Monday opens with the section's contribution to the weekly production board. Before that meeting, you pull a ULLS-A(E) report and walk the engine bays to confirm the physical aircraft condition matches the system record. The gap between what ULLS-A(E) says and what you find in the hangar is the Monday morning surprise you want to catch before the board, not during it. Tuesday and Wednesday are the production core of the week. Fault work in progress, engine changes scheduled, MOC runs in the morning-to-midday window. Wednesday is when NCOER input cycle moves if the rating period is open. Pull the ULLS-A(E) work-order counts, CMDP inspection results, and JSAMT log status Wednesday while the quarter's accomplishments are current — draft the bullets from data, not memory. The section NCO who defers NCOER work to Thursday produces thin bullets and submits late. Thursday is brigade synch prep day for the senior NCO chain. You are not in the brigade meeting at E-5, but your data is. The demand-history report, aging parts-on-order status, and OR-rate context should be in the production control NCO's hands by 0800 Thursday. Friday is the company formation event and the section's administrative calendar — counselings due, school packets with Friday suspenses submitted, leave requests through S1.

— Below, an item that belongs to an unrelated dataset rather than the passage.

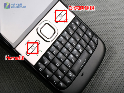 左侧为Home菜单键、右侧为短信快捷键,方便查看收发短信,管理存储信息,而中间则为传统的四向导航键,对于一般用户来说上手很容易。

Key Skills — How to Drill Each

  1. 01
    Build and defend a section production schedule — green/amber/red across assigned powerplants, with realistic mechanic-hours, Class IX-A float, and the next phase cycle on the horizon.
    Build the schedule in 30-day blocks against the unit's aircraft availability report, phase inspection due-dates, and your section's available mechanic-hours. Review it weekly against what actually happened. When the phase for tail number 6 is 45 days out and you are three mechanics down for BLC and ALC slots, that information should be on the production control NCO's desk at the 60-day mark, not the week the phase starts.
  2. 02
    Run a section through a field maintenance package at NTC/JRTC — engine changes under time pressure, battle damage assessment for powerplant systems.
    The T700 engine change that takes four hours in the hangar takes seven in a motor pool at NTC with a flashlight and a 30-mph wind. Build the field-maintenance team drill in garrison before the CTC rotation — run the engine-change sequence under timed conditions, in the dark, with the field maintenance kit only, once a quarter. The OPFOR does not stop the fight while you look for a fitting you should have pre-staged.
  3. 03
    Conduct a CMDP inspection at the section level — DA Forms 2408 series, TMDE calibration records, tool accountability, training records, all defensible.
    CMDP is a standard you maintain every day so the quarterly inspection is a confirmation rather than a discovery. Run a self-CMDP every 30 days: cross-check ULLS-A(E) status against the physical aircraft condition, verify TMDE calibration labels against the register, and confirm training records match the qualification cards. The findings you catch in a self-CMDP in month 2 are the findings the ARMS team would have found in month 4.
  4. 04
    Operate ULLS-A(E) / TAMMS-A at the section NCO level — open, monitor, and close work orders; defend the section's Class IX-A demand history at the company production meeting.
    Before every production meeting, run the ULLS-A(E) section report, identify work orders aging beyond plan, and have a status update for each — parts-on-order with ETA, diagnostic-in-progress with next step, or awaiting MTF scheduling. The section NCO who arrives at the production meeting without that review cannot answer the first question the production control officer asks.
  5. 05
    Mentor your specialists into diagnosis-first habits and through the FAA A&P pathway. If they leave your section as parts-changers, that is on you.
    Require fault-isolation tree documentation before you review any part request. When a specialist brings a parts request, ask one question: 'Show me where in the TM tree this root cause is confirmed.' If he can show you, approve it. If he cannot, return to the aircraft together and run the tree. Do this three times and the fourth time he pre-stages the TM documentation before bringing the request. For A&P mentoring: review each specialist's JSAMT log at the monthly counseling and set a specific exam preparation goal in the Plan of Action.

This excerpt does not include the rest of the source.